Глава 9

— Ну, видимо, ты уже не должна беспокоиться о том, что твой любовник не может сделать тебе ребенка.

Решив, что оставить ведро, над которым она так долго свешивалась, будет уже безопасно, Эфрика, проигнорировав кузину, заползла обратно на кровать. Зарывшись лицом в подушку, она услышала, как Барбара что-то поставила на столик рядом с кроватью. Было очевидно, что Барбаре хочется поговорить. На секунду Эфрика подумала было симулировать обморок, но потом все же осторожно привела своё тело в сидячее положение и облокотилась на подушки, которые Барбара торопливо подсовывала ей под спину. Она хмуро посмотрела на стол, где лежал хлеб, и стояло что-то ещё, что по запаху напоминало горячий сидр.

— Не думаю, что смогу съесть хоть что-нибудь, — простонала Эфрика.

— Ничего, сможешь. Пей маленькими глоточками и кусай понемножку хлеб. Это поможет тебе. — Барбара села в ногах кровати, скрестив руки на груди, и смотрела на кузину до тех пор, пока та не стала делать, как велено. — Время решать, кузина. Я не полностью одобряю то, что ты сделала, однако смирилась с этим. Только помни: то, что ты любишь и хочешь мужчину, вовсе не означает, что он будет тебе хорошим мужем. Как бы там ни было, теперь есть любовь, желание и ребенок.

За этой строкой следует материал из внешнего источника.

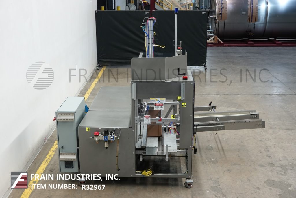Combi,型号TBS-100 FC-XL,自动,均匀,顶部襟翼闭合器,顶部和底部箱胶带封口机。额定值为每分钟10至20箱-取决于材料和应用。外壳尺寸范围:8英寸至24英寸长;宽度为6英寸至16英寸;高度为5英寸至18英寸。配备72“长x 2-1/4”宽的双面皮带箱辅助输送机、自动顶部翻板闭合器、主要/次要翻板犁、2”顶部和底部胶带头、带联锁lexan安全防护门的手动曲柄可调。控制面板具有按钮启动/停止/复位和紧急停止按钮控制。安装在(4)支腿高度可调框架上。

— Может, это просто рыба, которую я съела вчера вечером.

— Не разыгрывай дурочку. Я подозревала это последние несколько дней и уверена, что и ты думала об этом столько же, если не дольше. Женщины Калланов всегда рано узнают, когда понесли. А если бы кто-то из нас обращал на это внимание, меня бы не удивило, что мы могли бы точно сказать, когда семя укоренилось. Почему хмурый взгляд? Почему нерешительность? Разве это не перечёркивает одно из твоих сомнений, которые у тебя возникали, когда ты думала, почему вы с Дженкином не можете пожениться?

— Перечеркивает.

— И?

— Проклятье, Барбара, он и словом не обмолвился, что хочет меня как свою жену, свою спутницу жизни, свою Пару.

— Ты имеешь в виду, что он не сказал, что любит тебя.

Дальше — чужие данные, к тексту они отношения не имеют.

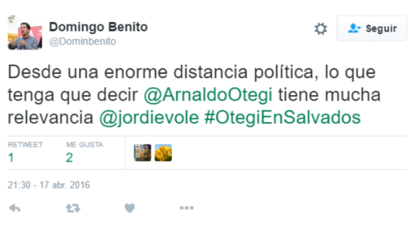 Domingo Benito añadió que "Otegi no tiene autoridad moral para decir determinadas cosas pero representa un importante sector de los votantes", recalcando que el expresar que su opinión es "relevante no quiere decir que esté a favor de ello: hay una distancia abismal". Minutos después, Domingo Benito colgaba el siguiente tweet en las redes sociales:

Хлеб и горячий сидр помогли ей восстановить силы, и Эфрика смогла сесть более прямо.

— Нет, не сказал. Мы являемся любовниками вот уже месяц и что же, разве к этому времени он не должен был сказать об этом, если таковы его чувства?

— А ты сама-то сказала ему, что ты чувствуешь?

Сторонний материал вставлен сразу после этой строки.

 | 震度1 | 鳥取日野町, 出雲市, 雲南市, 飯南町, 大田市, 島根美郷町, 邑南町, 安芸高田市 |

— Нет, но я полагаю, что мои действия должны сказать ему о многом, или не так? Я была девственницей, благовоспитанной девственницей с богатым приданым, которую отправили сюда, чтобы найти мужа. Я поставила это под угрозу. Да-да, и своё доброе имя к тому же.

— Верно, но мужчины не всегда видят это таким образом. Как говорит мой муж, мужчина считает, что желание — основа всех нужд, и никогда не смотрит на что-то кроме этого. — Барбара слегка покраснела. — Он напомнил мне о том времени, когда думал, будто всё, что меня влекло к нему — это желание, хотя он надеялся и нуждался в большем. И он дожидался, пока я растолкую ему, что это и есть большее, поскольку своему суждению доверять в этом вопросе он не осмеливался.

Эфрика медленно жевала кусочек хлеба. Королевский двор переехал две недели назад, все придворные отправились в путешествие вместе с ним, и теперь муж и дети Барбары присоединились к ней. Это позволило Эфрике не только заиметь собственную спальню, хоть и маленькую, но и предоставило регулярное проникновение в глубины мужского мышления, которое обеспечивалось сэром Мэтсоном через Барбару. Ее братья за эти годы дали ей некоторое понимание мужчин, но только не в отношении сердечных вопросов. И все же сэр Мэтсон не был Дженкином. Это заставляло Эфрику сомневаться, могла ли она полностью положиться на мнение этого мужчины.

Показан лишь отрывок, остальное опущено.